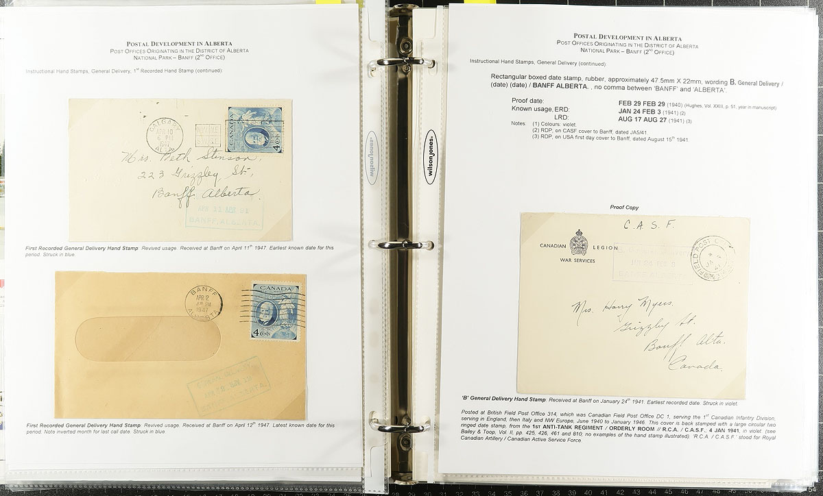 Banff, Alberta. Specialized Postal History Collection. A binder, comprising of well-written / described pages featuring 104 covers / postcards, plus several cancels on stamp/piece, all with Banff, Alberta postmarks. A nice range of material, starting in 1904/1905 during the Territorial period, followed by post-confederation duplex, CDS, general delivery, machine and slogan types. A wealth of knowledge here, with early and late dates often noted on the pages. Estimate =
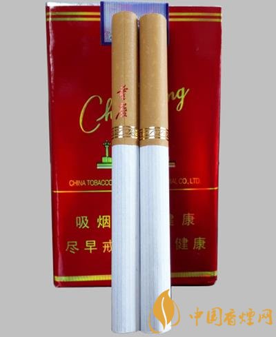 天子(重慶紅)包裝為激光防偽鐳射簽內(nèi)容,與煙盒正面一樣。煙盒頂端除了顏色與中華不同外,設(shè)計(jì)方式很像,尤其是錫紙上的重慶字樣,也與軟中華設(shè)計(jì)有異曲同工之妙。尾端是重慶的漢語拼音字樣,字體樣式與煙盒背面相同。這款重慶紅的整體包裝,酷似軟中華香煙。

++++++

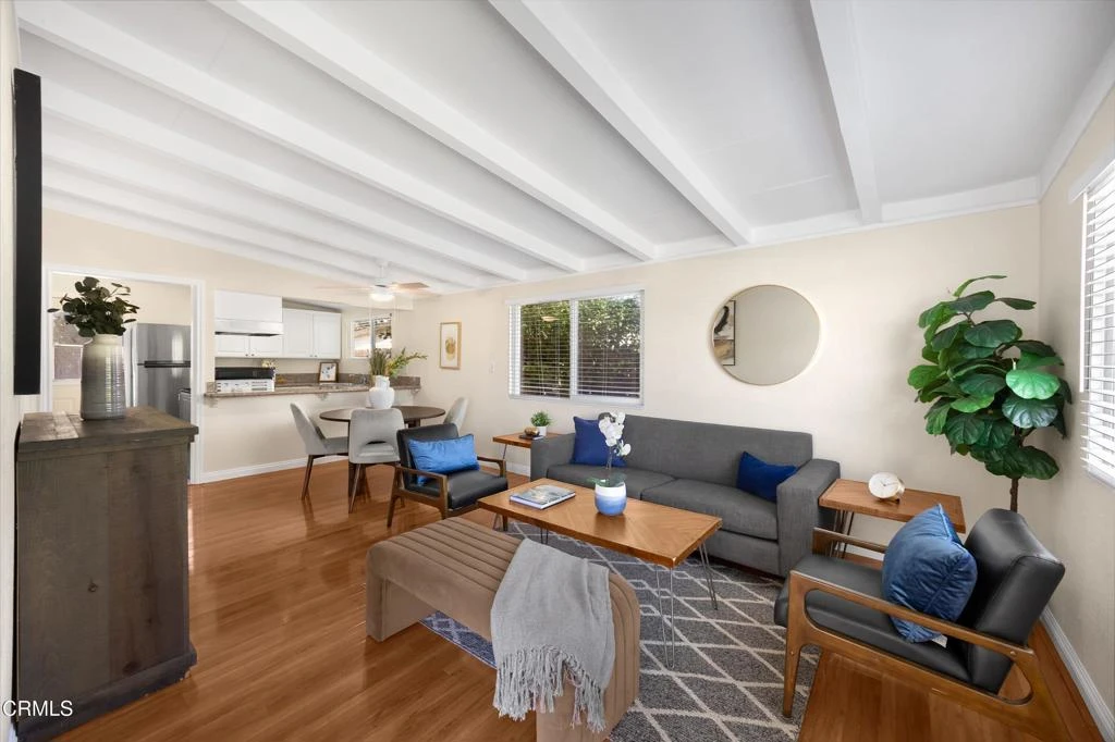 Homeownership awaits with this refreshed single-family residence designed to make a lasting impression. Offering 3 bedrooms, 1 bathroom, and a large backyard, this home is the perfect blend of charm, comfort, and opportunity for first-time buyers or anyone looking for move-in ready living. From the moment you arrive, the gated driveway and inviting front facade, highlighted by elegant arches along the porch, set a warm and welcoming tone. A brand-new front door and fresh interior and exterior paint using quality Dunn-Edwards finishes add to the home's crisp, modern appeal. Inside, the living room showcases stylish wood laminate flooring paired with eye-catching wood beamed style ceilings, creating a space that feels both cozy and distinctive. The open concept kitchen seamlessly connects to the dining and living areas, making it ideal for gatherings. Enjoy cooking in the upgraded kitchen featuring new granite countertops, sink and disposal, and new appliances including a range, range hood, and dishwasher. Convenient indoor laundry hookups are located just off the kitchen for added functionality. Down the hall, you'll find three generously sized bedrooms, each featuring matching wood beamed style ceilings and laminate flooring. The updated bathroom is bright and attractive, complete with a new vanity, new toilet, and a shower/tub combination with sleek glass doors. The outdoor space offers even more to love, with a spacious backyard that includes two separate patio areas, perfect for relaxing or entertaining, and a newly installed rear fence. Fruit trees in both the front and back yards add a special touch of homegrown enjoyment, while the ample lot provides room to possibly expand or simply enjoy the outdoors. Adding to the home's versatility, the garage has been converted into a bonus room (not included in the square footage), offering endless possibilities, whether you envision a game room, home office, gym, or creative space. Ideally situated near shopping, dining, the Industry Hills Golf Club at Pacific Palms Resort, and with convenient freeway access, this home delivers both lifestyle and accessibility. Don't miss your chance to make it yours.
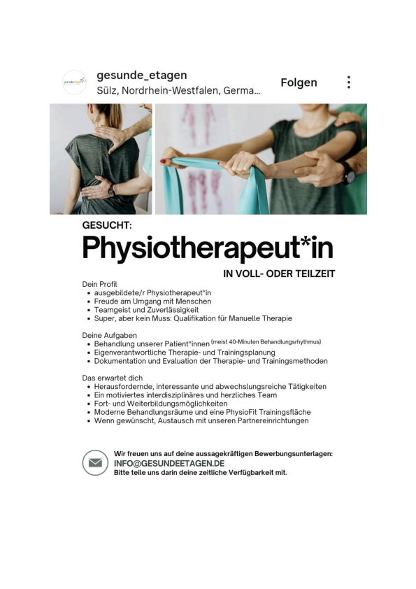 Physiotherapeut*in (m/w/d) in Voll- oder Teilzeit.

++++++

Please repeat the lines of the material above exactly, starting with the line that contains "Banff, Alberta. Specialized" and ending with the line that contains "天子(重慶紅)包裝為激光防偽". Leave the pictures out.

Answer space:
 Banff, Alberta. Specialized Postal History Collection. A binder, comprising of well-written / described pages featuring 104 covers / postcards, plus several cancels on stamp/piece, all with Banff, Alberta postmarks. A nice range of material, starting in 1904/1905 during the Territorial period, followed by post-confederation duplex, CDS, general delivery, machine and slogan types. A wealth of knowledge here, with early and late dates often noted on the pages. Estimate =
 天子(重慶紅)包裝為激光防偽鐳射簽內(nèi)容,與煙盒正面一樣。煙盒頂端除了顏色與中華不同外,設(shè)計(jì)方式很像,尤其是錫紙上的重慶字樣,也與軟中華設(shè)計(jì)有異曲同工之妙。尾端是重慶的漢語拼音字樣,字體樣式與煙盒背面相同。這款重慶紅的整體包裝,酷似軟中華香煙。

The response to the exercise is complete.